Writer E. Jean Carroll has formally asked a federal judge to order Donald Trump to pay nearly $5.8 million in damages, marking a major turning point in a multi-year legal battle. The high-stakes request was filed in a Manhattan federal court on Tuesday, just one day after the United States Supreme Court officially declined to hear the president’s appeal to overturn the underlying verdict. According to legal documents, the original $5 million penalty has grown significantly due to accumulated interest. Carroll’s legal team stated that while they had previously cooperated with Trump’s requests to pause payments during the appeals process, that patience has run out because his options in the federal court system are effectively exhausted.
To understand why this is happening now, it helps to look back at the origins of the case. In May 2023, a New York civil jury found Trump liable for sexually abusing Carroll in a luxury department store dressing room during the 1990s. The jury also found him liable for defamation because he later branded her accusations a “hoax” and a “con job” on social media. Because this was a civil lawsuit rather than a criminal trial, the penalty is purely financial rather than prison time. Trump has consistently denied the allegations, maintaining his innocence and arguing that the trial process was inherently unfair.
The immediate trigger for this week’s escalating legal drama was the Supreme Court’s decisive action on Monday. The nation’s highest court issued a brief, unexplained order rejecting Trump’s bid to throw out the 2023 verdict.
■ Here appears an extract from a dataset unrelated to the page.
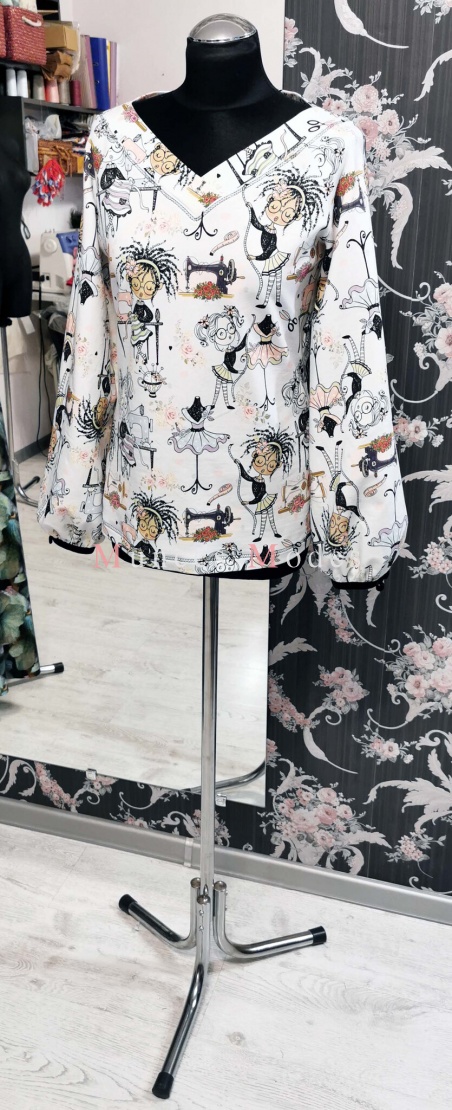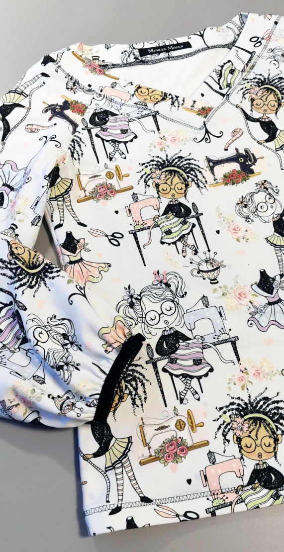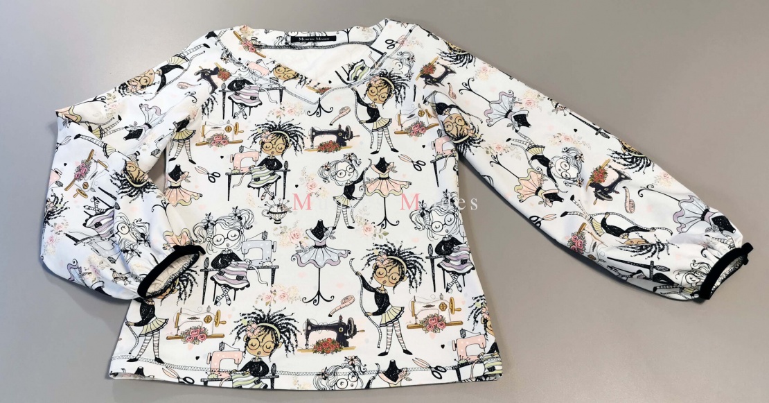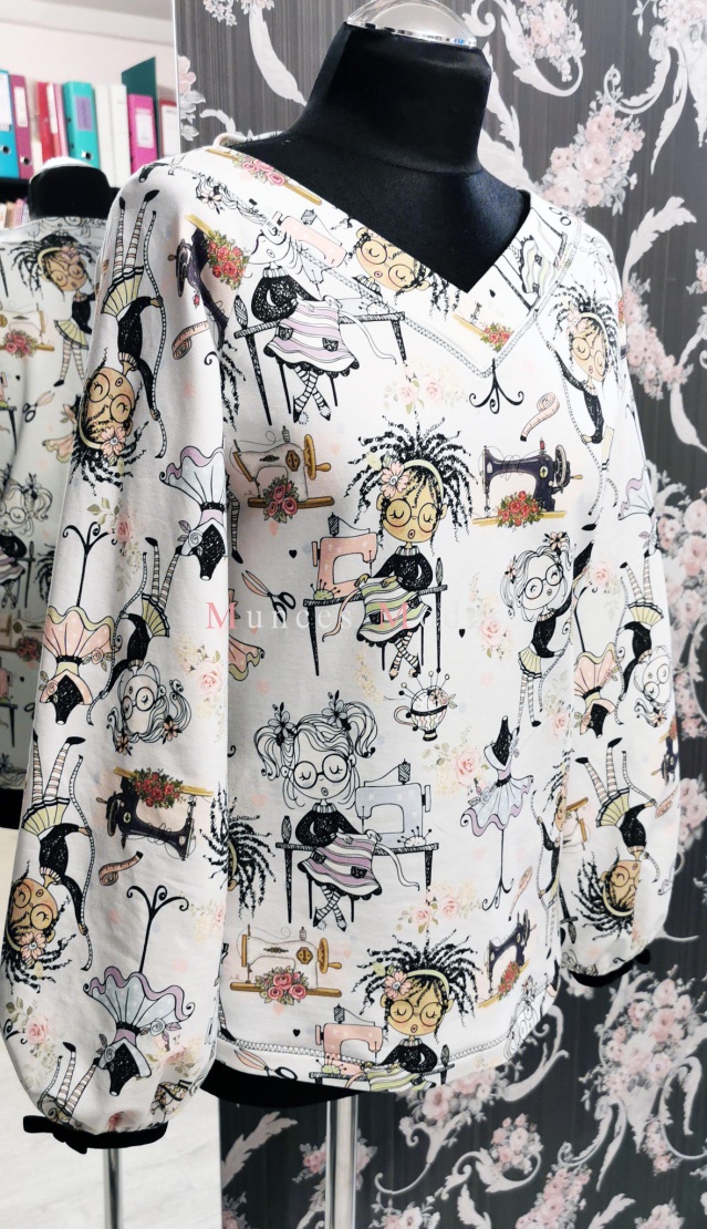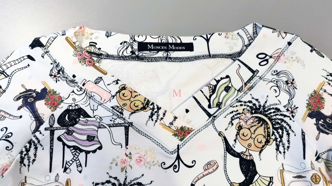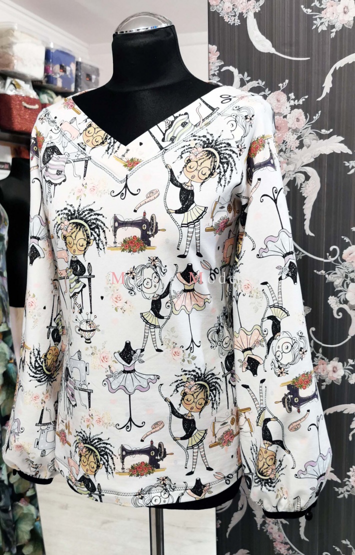 Apdrukāta trikotāžas blūze ar šūšanas tematiku. Šuvējas profesionālais apģērbs! Ziema 2022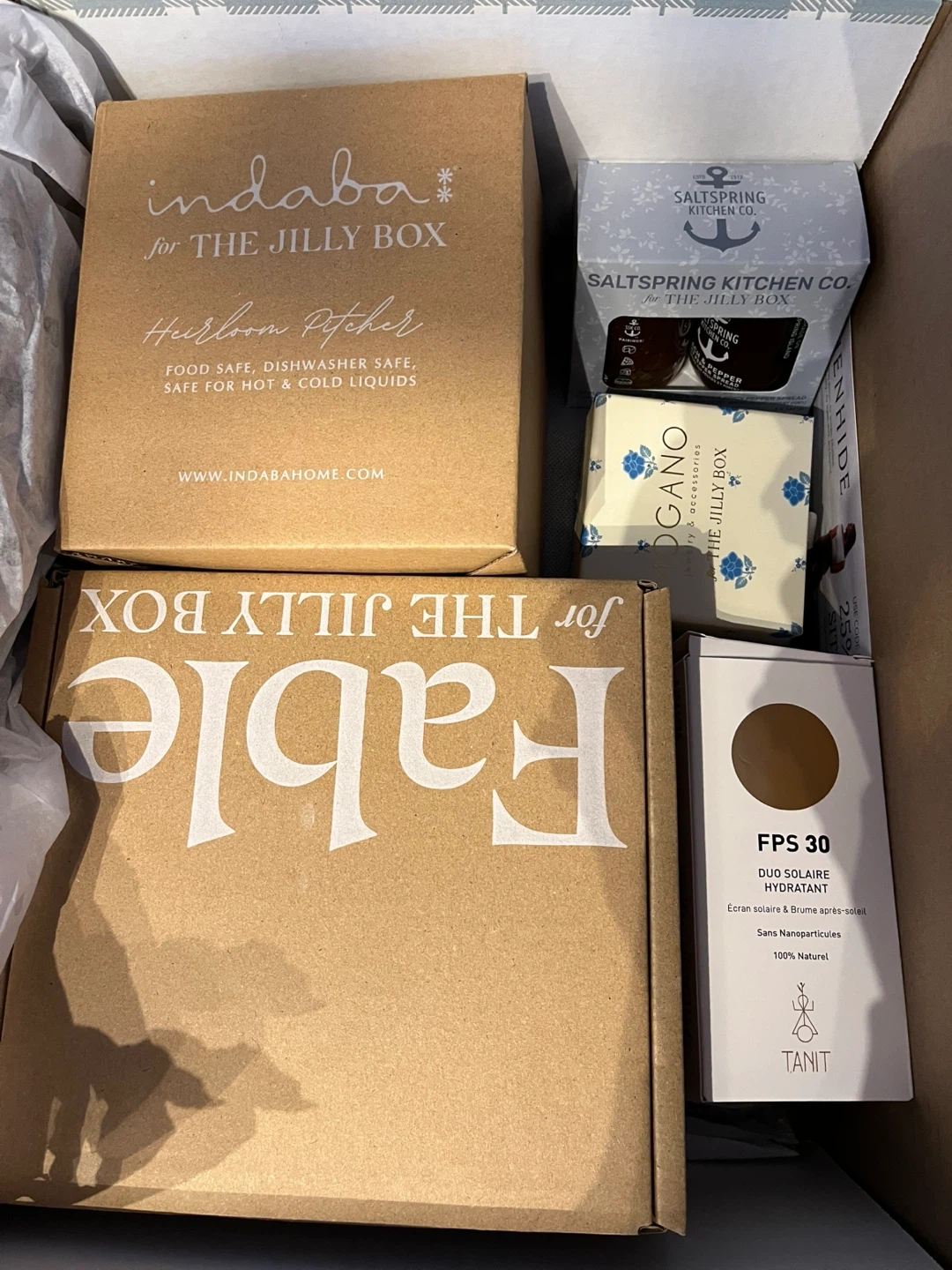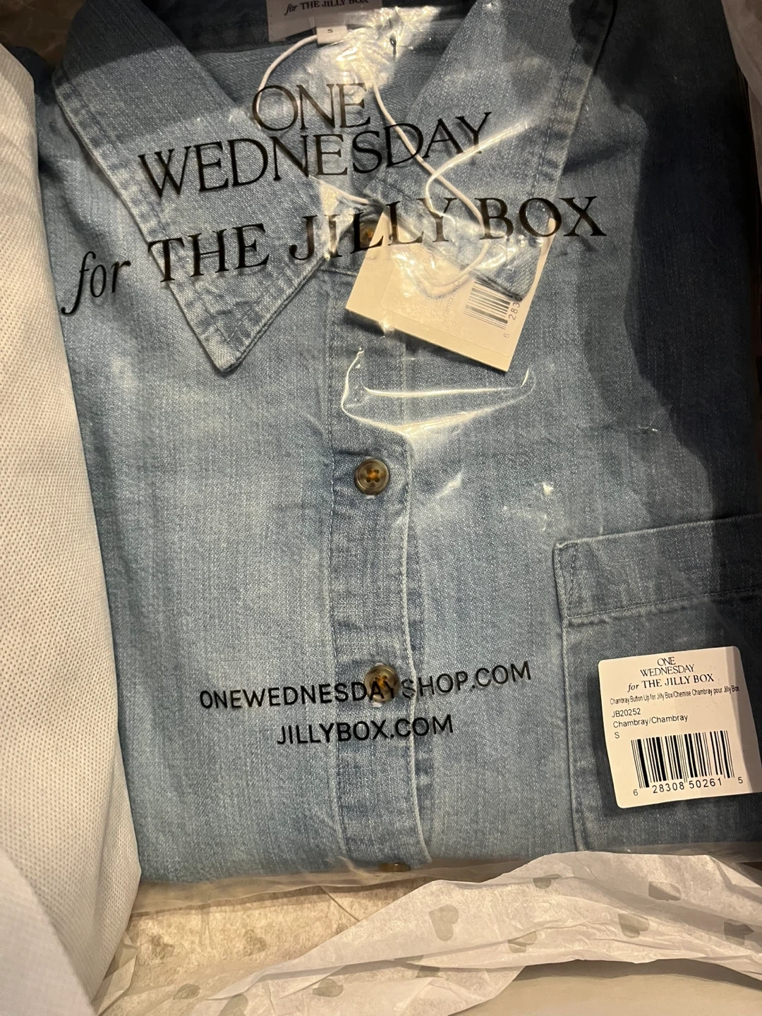 The Summer 2025 Jilly Box, inspired by a "Western Countryside" theme, contained seven full-size items from Canadian-owned brands. The collection has a total value of over $450 CAD. Great as a Christmas present, birthday or resale. BRAND NEW IN BOX. If you’d like to see pictures of the products, let me know. The seven pieces included in the collection were: Mogano Jade Jilly Studs: 14 karat gold-plated earrings that are versatile for any look. Salt Spring Kitchen for The Jilly Box: A custom collaboration item, likely a preserve or condiment, perfect for entertaining with cheese and crackers. One Wednesday Denim Shirt: A stylish denim shirt, noted for its design details and timeless appeal. SIZE SMALL Fable Little Bowls: A set of small bowls, ideal for charcuterie boards or small servings. Endaba Heirloom Pitcher: A decorative and functional pitcher, which Jillian Harris suggests using for fresh-cut flowers. Tan It Moisturizing Skincare Duo: A 100% natural rose hydrosol and facial oil set made in Canada to provide deep hydration. Soho Woven Bag: A handmade, functional bag woven from durable date palm leaf in Morocco, suitable for the beach, picnics, or market shopping. COLOR: Black

Trump’s defense attorneys had argued that the original trial was tainted by highly inflammatory evidence, including testimonies from other women who made similar historical accusations against him. However, the Supreme Court justices expressed no division and simply chose to leave the lower court’s ruling completely intact.
See Also: U.S and Iran Head to Qatar for Crucial Asset Talks Amid Gulf Tensions
Moments after the Supreme Court’s decision went public, Trump reacted on social media, promising to continue fighting what he labeled a “weaponization and lawfare case.” Almost simultaneously, his legal team reached out to Carroll’s lawyers, asking for yet another delay so they could request the Supreme Court to reconsider its denial. Carroll’s lead attorney, Roberta Kaplan, flatly refused the request. She filed an immediate motion asking U.S. District Judge Lewis A. Kaplan to accelerate the timeline and order the immediate disbursement of the funds currently held in an escrow court account.
On Wednesday, Judge Kaplan fast-tracked the issue, ordering Trump’s legal team to file a formal response by July 7. Carroll’s lawyers emphasized that after four years of intense litigation moving through every single level of the American judiciary, the case must finally come to a close. They argued there is no legal justification to hold up the money any longer.
This specific $5.8 million dispute is only part of Trump’s broader legal exposure regarding Carroll. In a separate January 2024 defamation trial focusing on comments Trump made while serving his first presidential term in 2019, a different Manhattan jury awarded Carroll an additional $83.3 million. That larger judgment is still working its way through the appeals process, meaning this current fight over the millions is just the first wave of payouts Carroll is actively pursuing.